Non dire falsa testimonianza26

Nelle sue relazioni con gli altri, il cristiano è esortato a non falsare la verità né con le parole né con le azioni. Il farlo significherebbe rifiutare un cammino di rettitudine morale, nel quale deve inserirsi chiunque voglia seguire Gesù, «via, verità e vita» (Gv 14,6). Nella Lettera agli Efesini leggiamo: «Dovete rinnovarvi nello spirito della vostra mente e rivestire l'uomo nuovo, creato secondo Dio nella giustizia e nella santità vera. Perciò bando alla menzogna: dite ciascuno la verità al proprio prossimo; perchè siamo membra gli uni degli altri» (Ef 4,23-25).

La menzogna, che - come scrive sant' Agostino - consiste «nel dire il falso con l'intenzione di ingannare»27, era stata stigmatizzata da Gesù come un'azione diabolica: «Voi (...) avete per padre il diavolo (...) non vi è verità in lui. Quando dice il falso, parla del suo, perché è menzognero e padre della menzogna» (Gv 8,44).

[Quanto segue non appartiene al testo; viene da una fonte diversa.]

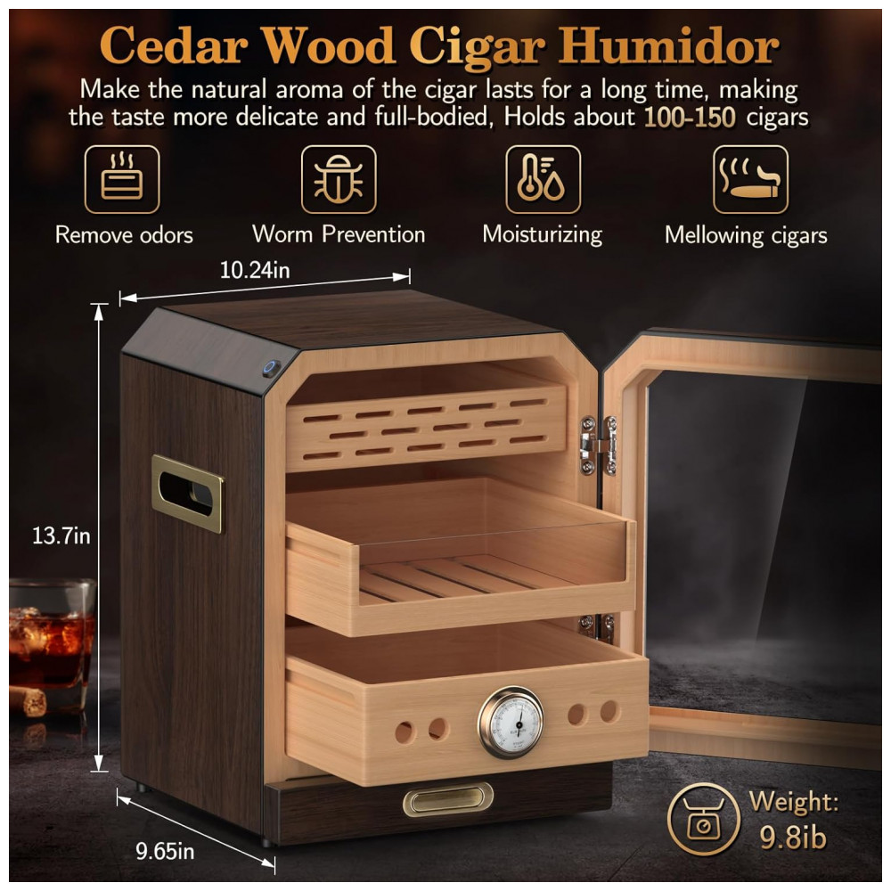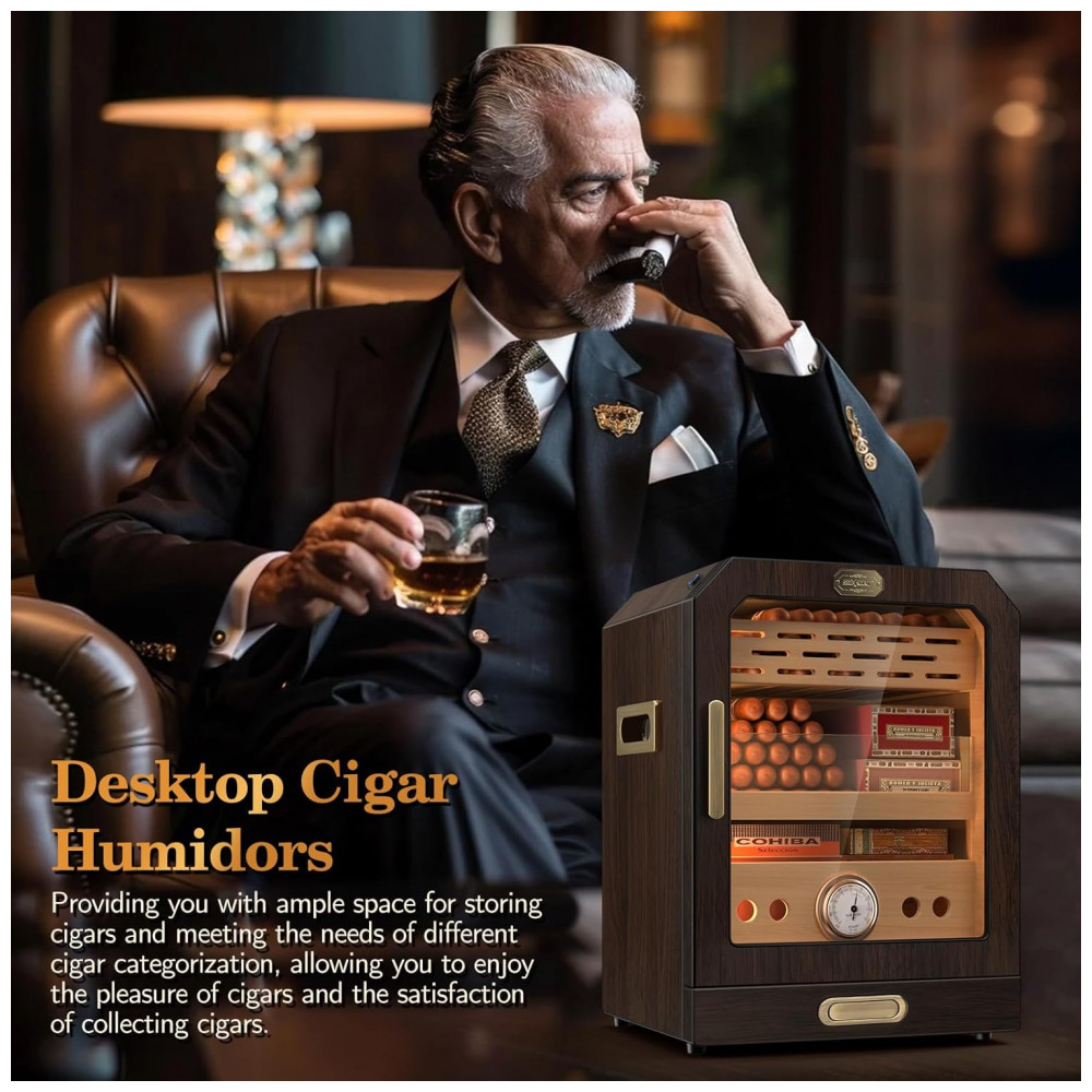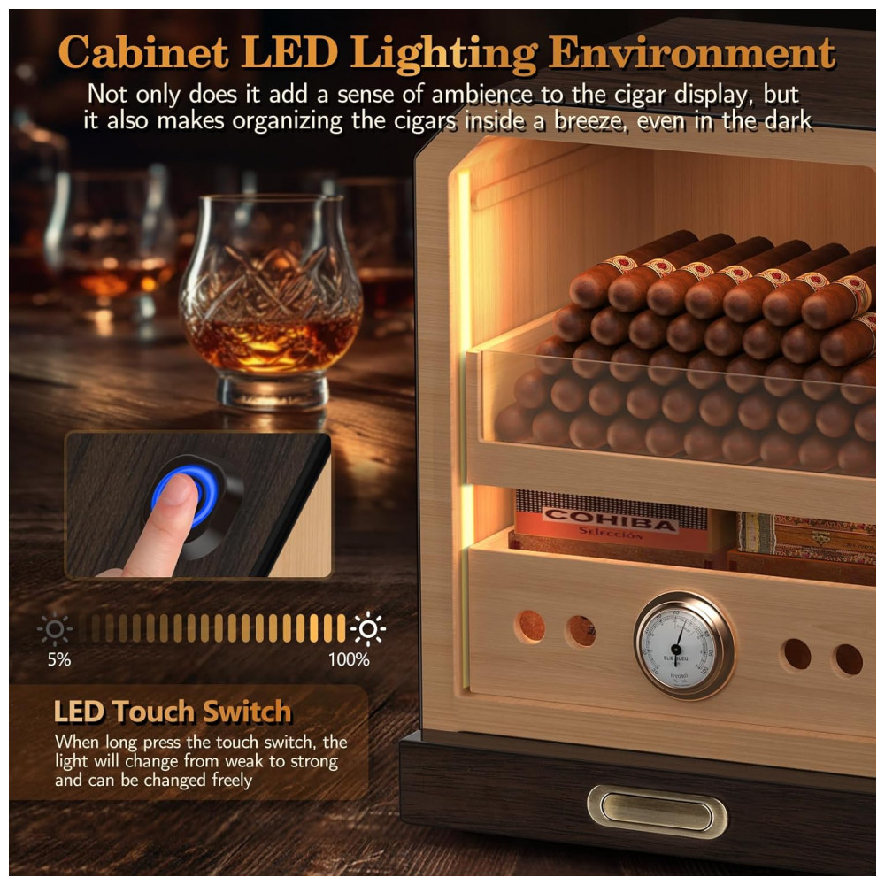 Design Elegante: O armário é feito de madeira de cedro espanhol de alta qualidade, com um aroma natural que mantém seus charutos frescos, hidratados e livres de odores. A cor do grão de madeira, acabada com esmalte de alta temperatura e superfície polida, confere um estilo luxuoso e refinado. A iluminação LED no topo pode ser ajustada para intensidade, permitindo o uso noturno e a exibição dos seus charutos, mesmo no escuro.
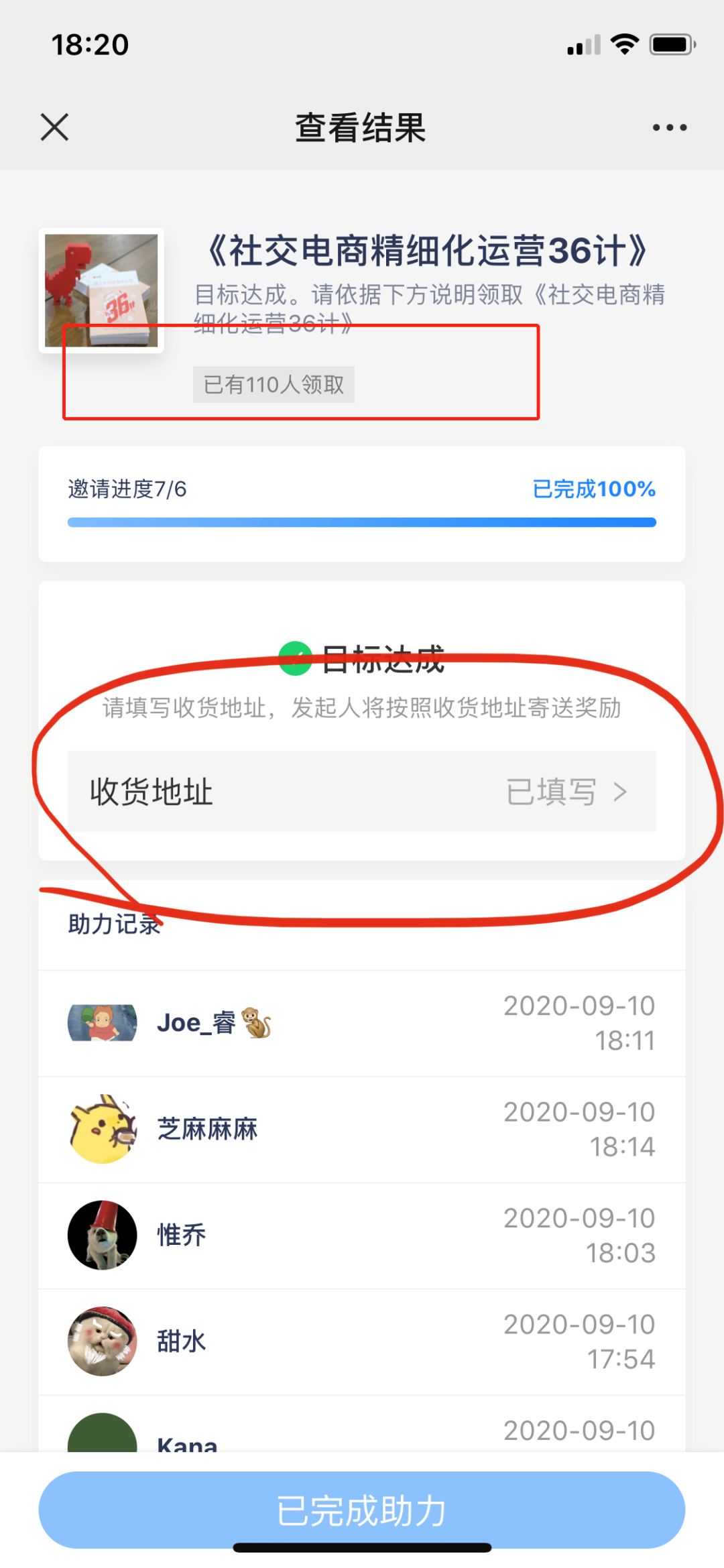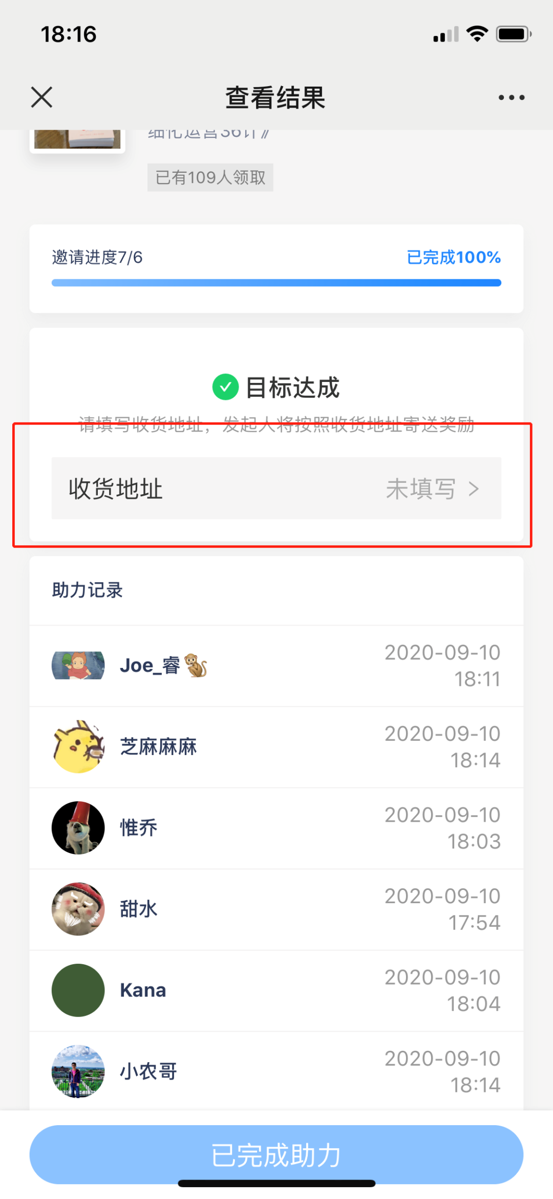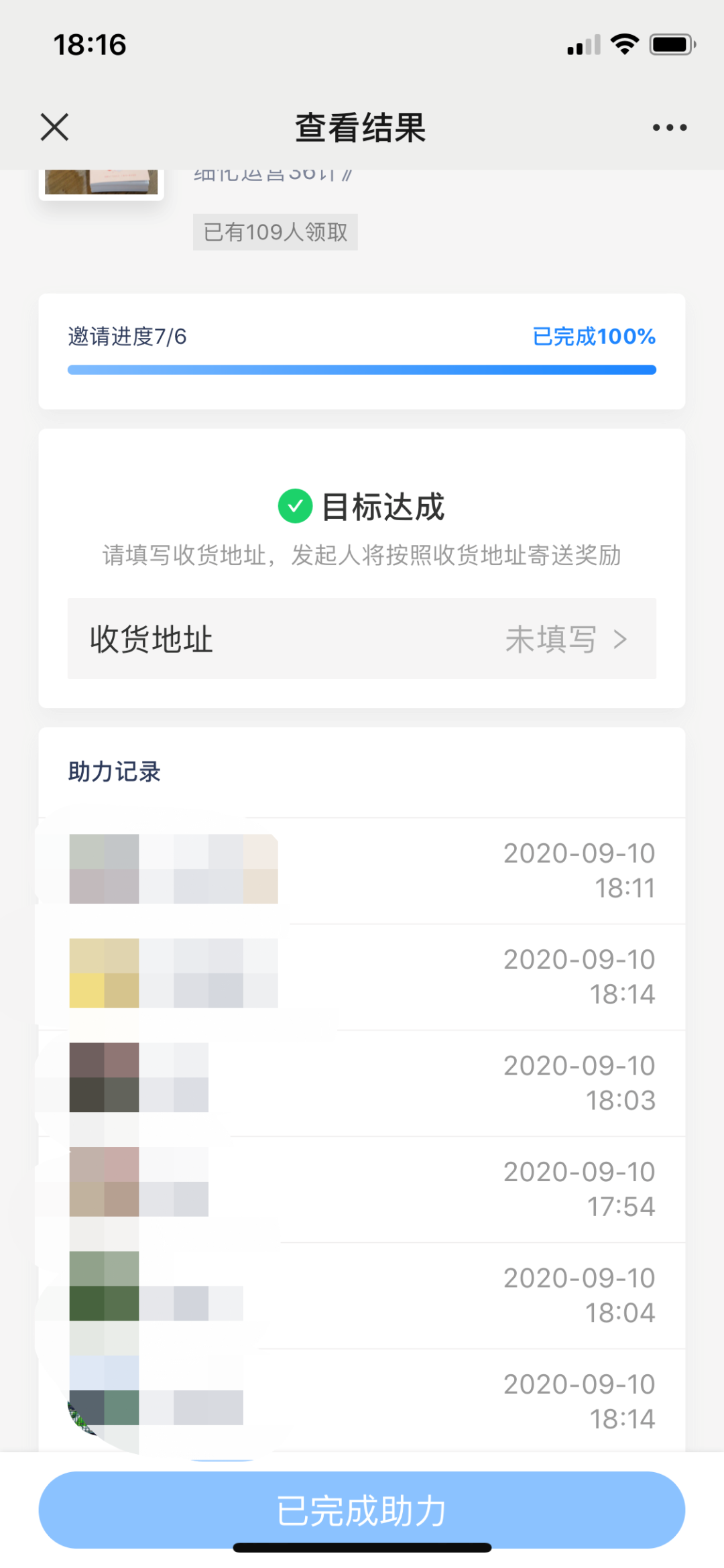 同样的,在助力完成后并没有提醒已经完成,不太清楚是不是因为是企业微信号不是服务号所以不支持此类功能,但用户体验不是很好;
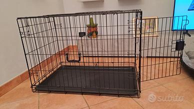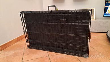 Kennel in acciaio e contenitore in plastica colore nero. Richiudibile con maniglia. Misure 57 cm di larghezza, 62.5 cm di altezza, 90 cm di lunghezza.
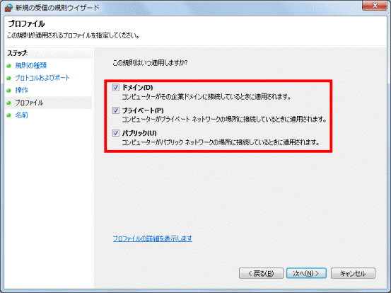 「ドメイン」、「プライベート」、「パブリック」の項目のうち、適用しない項目のチェックを外します。
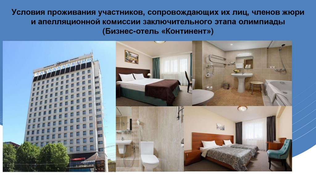Условия проживания участников, сопровождающих их лиц, членов жюрии апелляционной комиссии заключительного этапа олимпиады
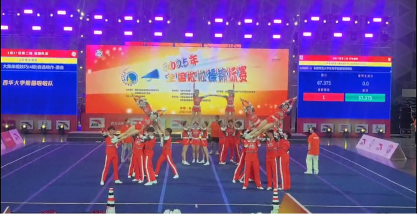 在比赛中,tyc41183太阳成集团啦啦操队凭借扎实的专业功底和出色的临场发挥获得赛事裁判组的高度认可。队员们精准到位的技术动作、富有张力的艺术表现和默契无间的团队配合,不仅展示了啦啦队高超的专业水平,更彰显了西华学子自强不息的精神风貌,赢得了赛事组委会和观众的一致好评。值得一提的是,本次参赛的双人街舞项目首次亮相即获得绝对领先的好成绩。
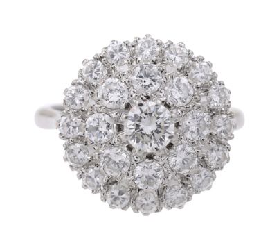 A diamond-set cluster ringcentrally-set with a brilliant-cut diamond to the two tired surround of similar-cut diamonds, the plain tapering shank stamped '18ct PLAT'ring size M,cluster diameter approximately 1.6cm, 6.0gCondition: Overall condition good/very good.Bright diamonds with good clarity and colour
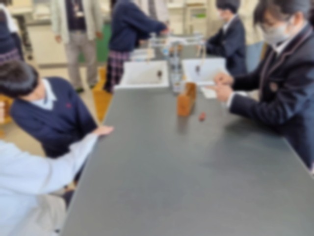 4枚め、1年生理科では、水素と酸素から水ができることを確かめる実験を班でおこなっていました。火を近づけると「ポン」という音が鳴って、歓声があがっていました。
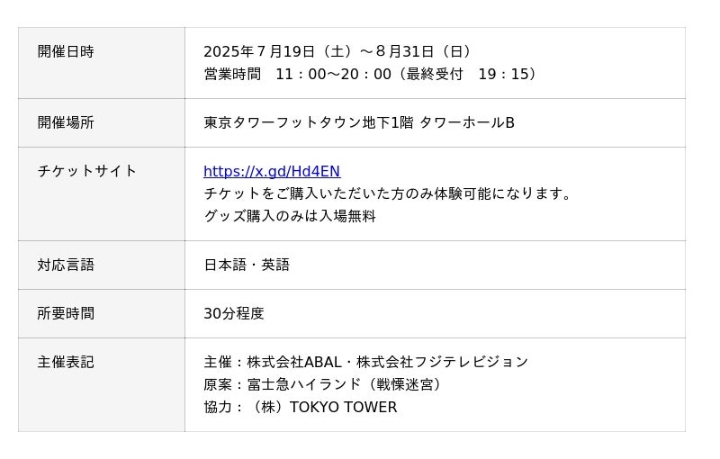 そして、2025年7月19日(土)~8月31日(日)までの期間限定で、東京タワーフットタウン地下1階 タワーホールB(東京都港区芝公園4丁目2-8)にて開催することが決定いたしました。
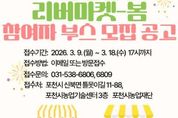 (뉴스폼) 포천시농업재단은 오는 5월 한탄강 생태경관단지에서 열리는 ‘2026년 포천 한탄강 리버마켓-봄’ 행사에 참여할 부스 운영자를 공개 모집한다. 이번 리버마켓은 2026년 5월 2일부터 6월 7일까지 37일간 한탄강 생태경관단지 일원에서 개최된다. ‘한탄강 가든페스타’와 연계해 포천 농특산물 홍보와 판매, 다양한 먹거리와 체험 프로그램이 함께 운영될 예정이다. 모집 규모는 총 45개 부스로 △포천 농특산물 판매대 20개 △먹거리 판매대 17개 △푸드트럭 8대다. 농특산물 판매대는 포천시 농업인 및 농식품 기업을 대상으로 모집하며, 먹거리 판매대와 푸드트럭은 식품 영업 허가가 가능한 개인 또는 단체가 참여할 수 있다. 행사 기간에는 농특산물 판매와 함께 △산나물 페스티벌 △시니어 패션쇼 △봄 반려견 관광축제 △홀스타인 품평회 등 다양한 연계 행사가 진행돼 방문객들에게 풍성한 볼거리와 즐길거리를 제공할 예정이다. 참여 신청은 3월 18일 오후 5시까지 전자메일 또는 방문 접수를 통해 가능하며, 선정 결과는 3월 26일 포천시농업재단 누리집을 통해 발표할 예정이다. 포천시농업재단 관계
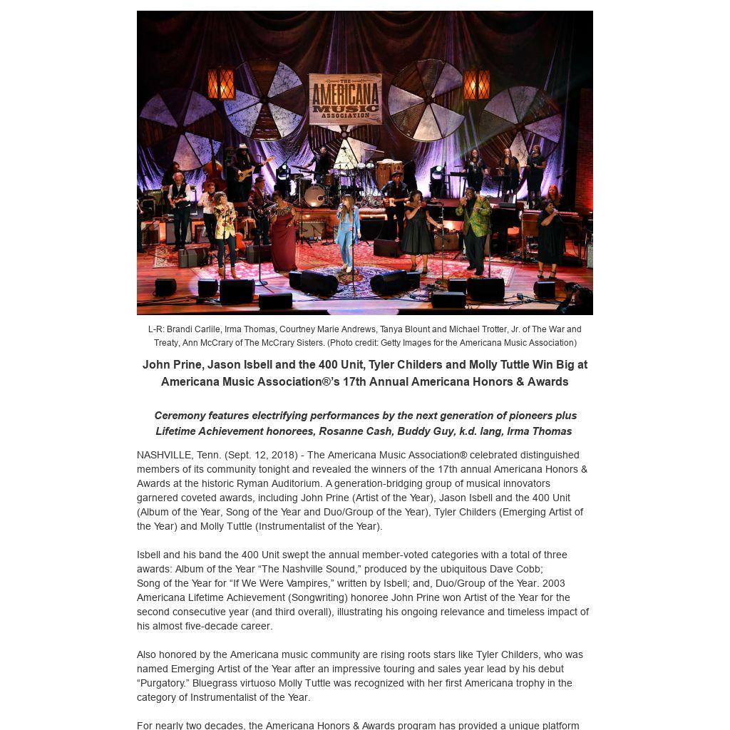 | NASHVILLE, Tenn. (Sept. 12, 2018) - The Americana Music Association® celebrated distinguished members of its community tonight and revealed the winners of the 17th annual Americana Honors & Awards at the historic Ryman Auditorium. A generation-bridging group of musical innovators garnered coveted awards, including John Prine (Artist of the Year), Jason Isbell and the 400 Unit (Album of the Year, Song of the Year and Duo/Group of the Year), Tyler Childers (Emerging Artist of the Year) and Molly Tuttle (Instrumentalist of the Year).
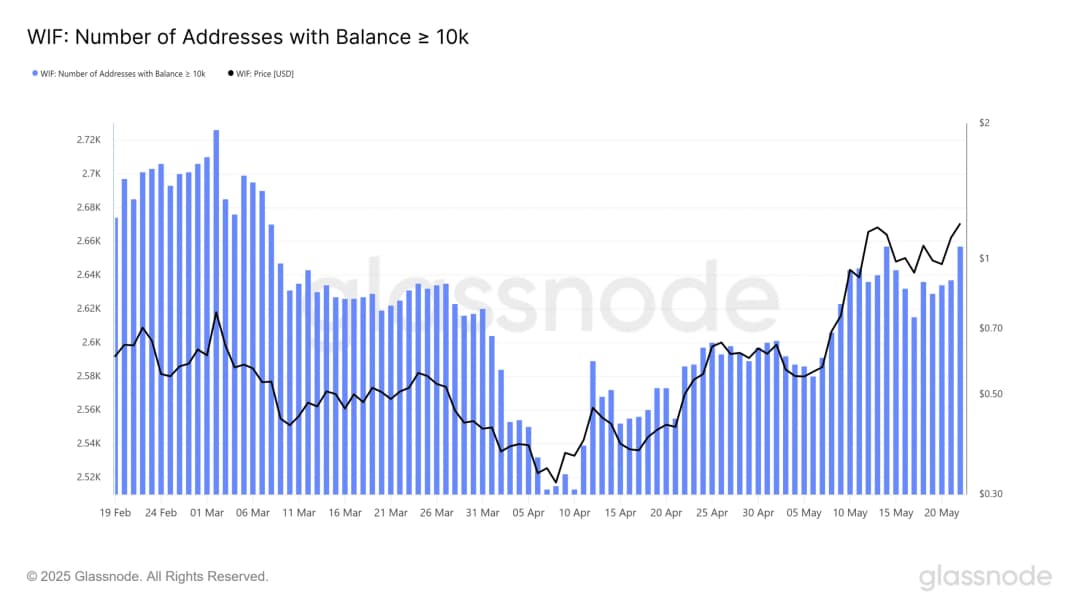 افت WIF به ۱.۱۷ دلار ممکن است خردهفروشها را بترساند اما پول هوشمند این افت را بهعنوان فرصت خرید در بازار صعودی میبیند. تعداد کیفهایی که بیش از ۱۰,۰۰۰ WIF دارند، از ۲,۵۱۵ در ۸ آوریل به ۲,۶۵۷ تا زمان نگارش گزارش رسیده است و این بالاترین شمار تاریخ است.

Ovviamente «la gravità della menzogna si commisura alla natura della verità che essa deforma, alle circostanze, alle intenzioni del mentitore, ai danni subiti da coloro che ne sono le vittime. Se la menzogna, in sé, non costituisce che un peccato veniale, diventa mortale quando lede in modo grave le virtù della giustizia e della carità»28.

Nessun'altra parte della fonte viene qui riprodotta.